I am attempting to scrape MLB player stats from the MLB.com site:
I have the following Python code working which uses find_element(By.XPATH, yada yada yada) in Selenium, but it assumes that there are ALWAYS 7 pages, which there are not.
import time
from selenium import webdriver
from selenium.webdriver.common.by import By
url = r"https://www.mlb.com/stats/"
driver = webdriver.Firefox()
time.sleep(5)
driver.get(url)
time.sleep(5)
# Download the 1st page -
# yada yada yada
# List xpaths for pages 2 - 7
pages = [
"/html/body/main/div[4]/section/section/div[3]/div[2]/div/div/div[1]/div[2]/button/span",
"/html/body/main/div[4]/section/section/div[3]/div[2]/div/div/div[1]/div[3]/button/span",
"/html/body/main/div[4]/section/section/div[3]/div[2]/div/div/div[2]/div[4]/button",
"/html/body/main/div[4]/section/section/div[3]/div[2]/div/div/div[2]/div[5]/button",
"/html/body/main/div[4]/section/section/div[3]/div[2]/div/div/div[2]/div[6]/button/span",
"/html/body/main/div[4]/section/section/div[3]/div[2]/div/div/div[2]/div[7]/button/span"
]
# Loop thru pages 2 - 7
k = 0
for page in pages:
k = k + 1
print("Page "+str(k+1))
print("Loop "+str(k), page)
# Scroll to bottom of page to make Pagination Visible
if k == 1:
driver.maximize_window() # For maximizing window
driver.execute_script("window.scrollTo(0,document.body.scrollHeight)")
time.sleep(5)
pageButtonSelect = driver.find_element(By.XPATH, page)
pageButtonSelect.click()
time.sleep(5)
# Download next 25 players on this page
# yada yada yada
I would like to make this code more dynamic and flexible to handle any number of pages, however this is a little beyond my current Selenium skills...

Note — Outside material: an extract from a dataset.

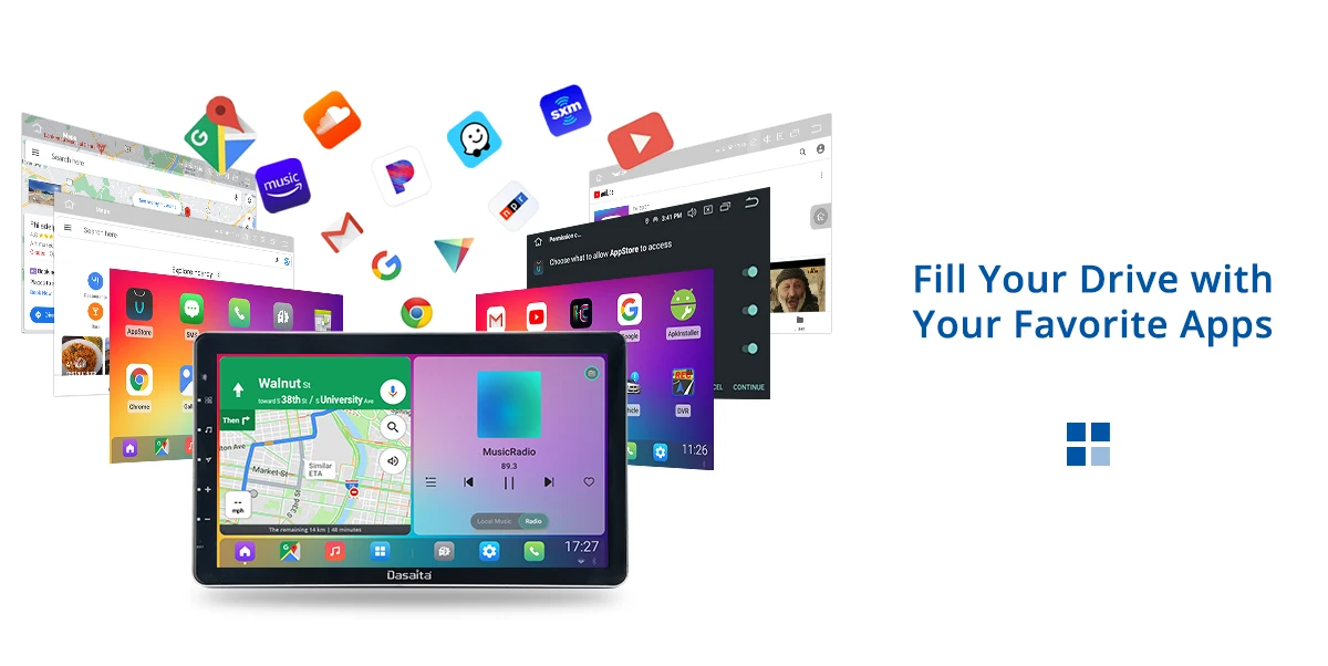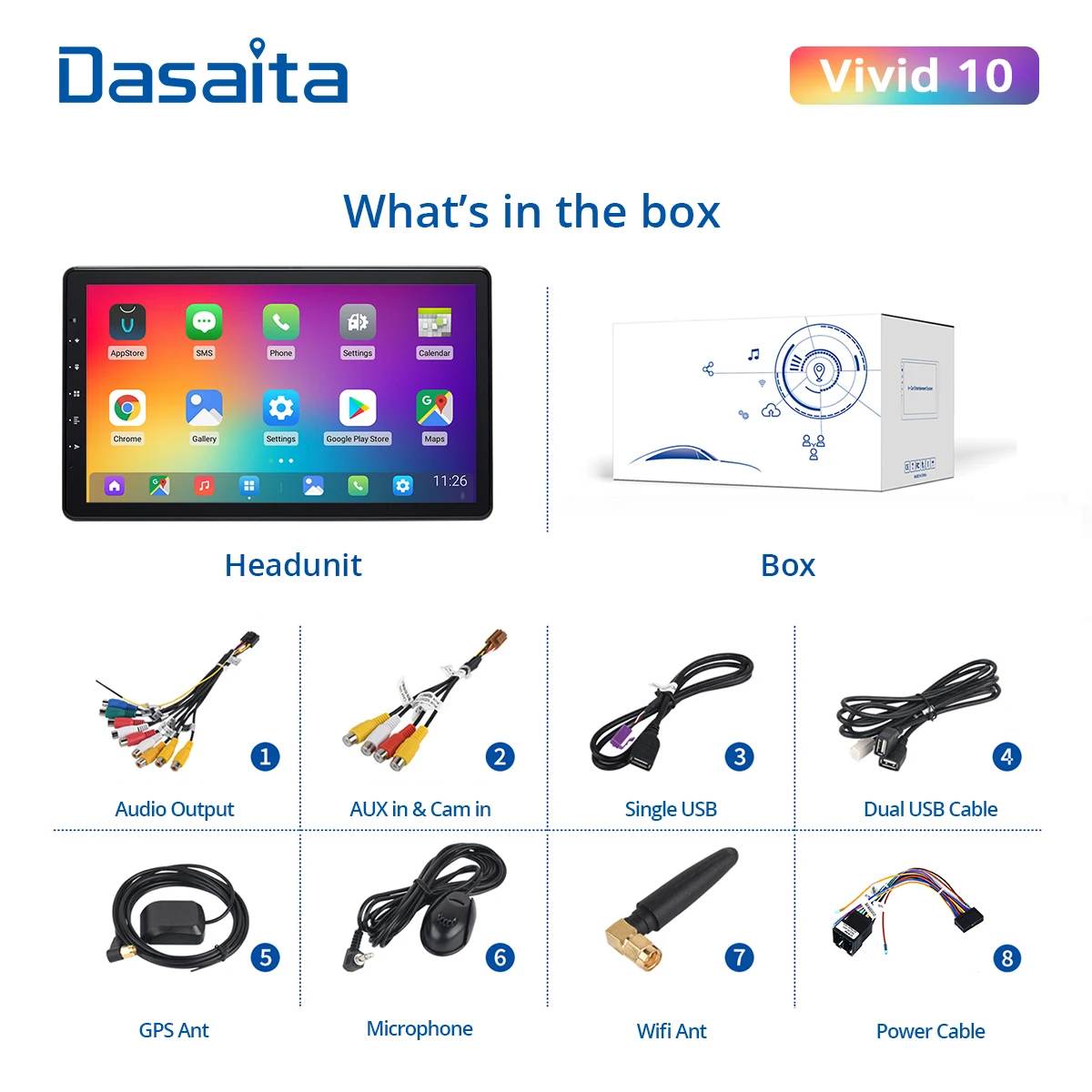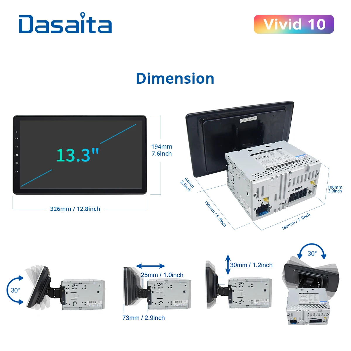 Автомобильный радиоприемник Dasaita, 13,3 дюйма, 2 Din, для универсального Авторадио с Apple Carplay, Android 10, 2K, 1920*1080, GPS-навигация, стерео

I have attempted to identify the parent div that contains child divs within which each of the page buttons are nested and then count the number of child divs, but it is not working as desired.
==================================================
pagebuttonsdiv = driver.find_element(By.XPATH, '//*[@id="stats-app-root"]/section/section/div[3]/div[2]/div/div/div[1]')
npagebuttons = len(pagebuttonsdiv.find_elements(By.XPATH, "./div"))
Can someone please suggest python selenium code to loop thru each child div and click on the pagination button nested within?